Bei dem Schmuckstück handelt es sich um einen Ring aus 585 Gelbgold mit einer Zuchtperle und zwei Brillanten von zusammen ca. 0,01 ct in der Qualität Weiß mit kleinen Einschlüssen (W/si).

--

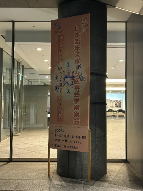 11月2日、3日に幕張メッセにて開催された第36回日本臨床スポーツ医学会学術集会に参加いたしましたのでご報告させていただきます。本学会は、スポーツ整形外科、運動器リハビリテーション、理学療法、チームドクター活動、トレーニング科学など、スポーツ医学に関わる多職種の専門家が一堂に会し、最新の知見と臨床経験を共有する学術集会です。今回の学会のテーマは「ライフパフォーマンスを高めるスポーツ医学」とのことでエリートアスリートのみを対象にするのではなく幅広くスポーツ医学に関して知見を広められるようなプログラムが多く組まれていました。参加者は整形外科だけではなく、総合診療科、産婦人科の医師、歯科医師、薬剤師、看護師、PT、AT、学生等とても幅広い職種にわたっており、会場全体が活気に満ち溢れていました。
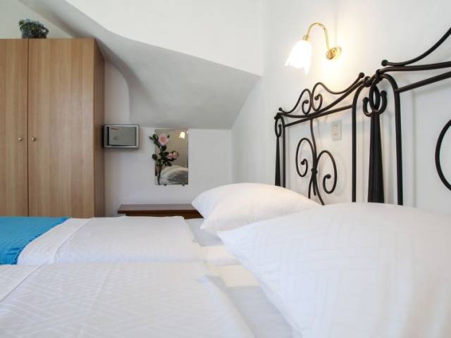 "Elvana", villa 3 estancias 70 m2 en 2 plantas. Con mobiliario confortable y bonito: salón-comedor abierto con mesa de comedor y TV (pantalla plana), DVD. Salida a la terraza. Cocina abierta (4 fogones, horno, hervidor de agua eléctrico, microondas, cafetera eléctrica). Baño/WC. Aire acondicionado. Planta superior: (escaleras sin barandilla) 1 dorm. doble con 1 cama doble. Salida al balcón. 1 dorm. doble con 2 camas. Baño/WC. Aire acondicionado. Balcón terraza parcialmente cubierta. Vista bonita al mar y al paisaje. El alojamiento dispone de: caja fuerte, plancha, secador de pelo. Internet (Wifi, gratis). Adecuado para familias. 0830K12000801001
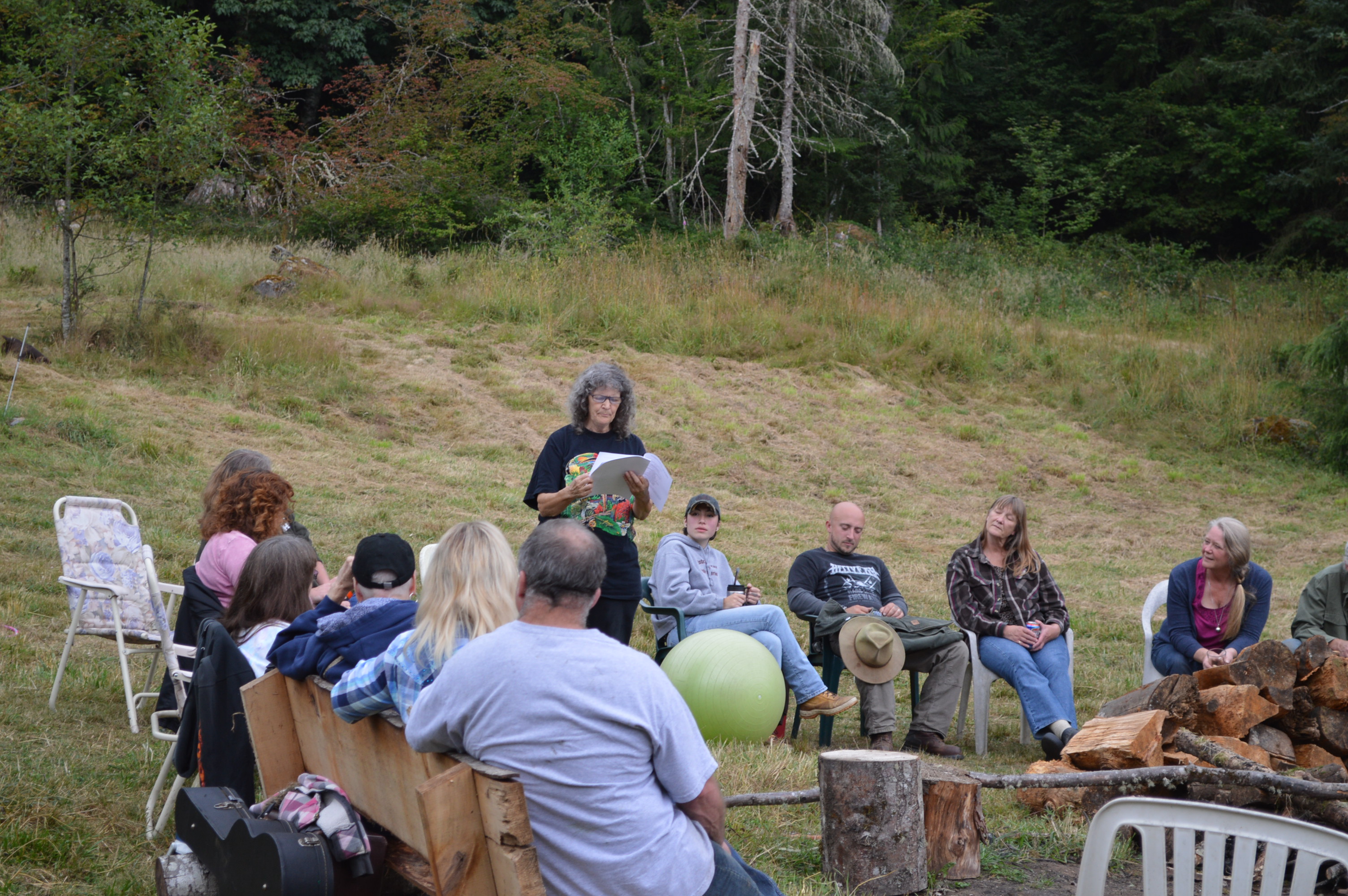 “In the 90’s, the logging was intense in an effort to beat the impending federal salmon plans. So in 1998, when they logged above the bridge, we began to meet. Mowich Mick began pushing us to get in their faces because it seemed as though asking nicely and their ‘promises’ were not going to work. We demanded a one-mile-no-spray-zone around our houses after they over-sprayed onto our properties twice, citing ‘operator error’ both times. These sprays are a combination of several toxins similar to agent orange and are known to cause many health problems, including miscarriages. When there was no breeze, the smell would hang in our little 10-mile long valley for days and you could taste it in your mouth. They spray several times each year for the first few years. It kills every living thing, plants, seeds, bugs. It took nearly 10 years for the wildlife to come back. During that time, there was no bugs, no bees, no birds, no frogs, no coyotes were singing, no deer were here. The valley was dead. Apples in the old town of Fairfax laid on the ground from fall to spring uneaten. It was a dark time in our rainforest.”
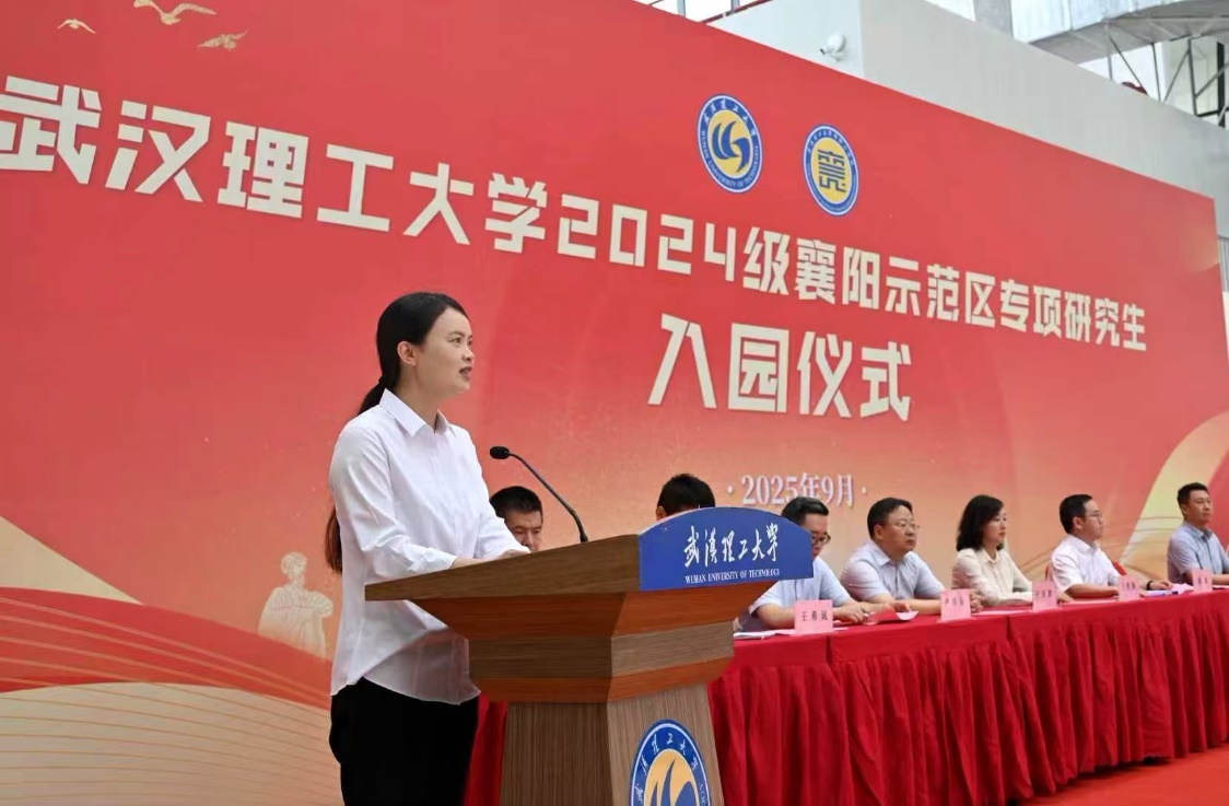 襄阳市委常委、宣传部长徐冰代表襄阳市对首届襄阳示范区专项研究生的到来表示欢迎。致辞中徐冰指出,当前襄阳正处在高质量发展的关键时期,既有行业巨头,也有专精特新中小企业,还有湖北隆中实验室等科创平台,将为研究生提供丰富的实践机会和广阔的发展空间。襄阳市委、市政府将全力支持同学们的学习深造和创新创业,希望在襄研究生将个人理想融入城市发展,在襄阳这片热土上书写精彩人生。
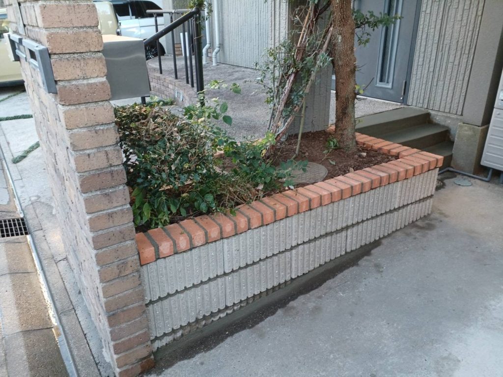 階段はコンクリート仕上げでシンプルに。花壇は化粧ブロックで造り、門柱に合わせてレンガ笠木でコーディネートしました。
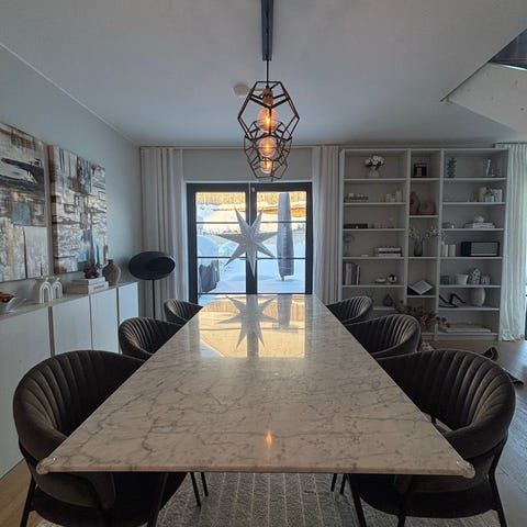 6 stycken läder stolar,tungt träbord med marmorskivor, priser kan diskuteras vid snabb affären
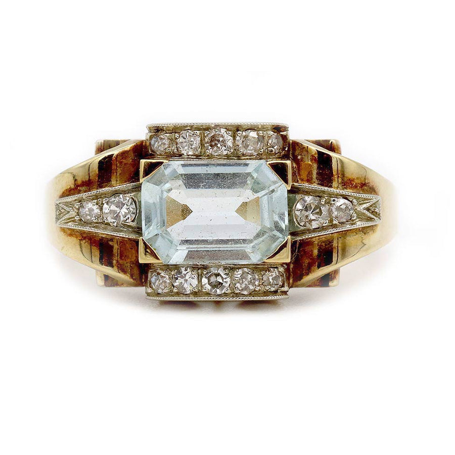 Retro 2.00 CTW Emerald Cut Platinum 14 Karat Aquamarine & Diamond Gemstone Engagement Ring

Try it:
Write out, word for word, the stretch of entries that begins at the line with "階段はコンクリート仕上げでシ" and ends at the line with "Retro 2.00 CTW". Pictures do not belong in it.

Exercise solution:
 階段はコンクリート仕上げでシンプルに。花壇は化粧ブロックで造り、門柱に合わせてレンガ笠木でコーディネートしました。
 6 stycken läder stolar,tungt träbord med marmorskivor, priser kan diskuteras vid snabb affären
 Retro 2.00 CTW Emerald Cut Platinum 14 Karat Aquamarine & Diamond Gemstone Engagement Ring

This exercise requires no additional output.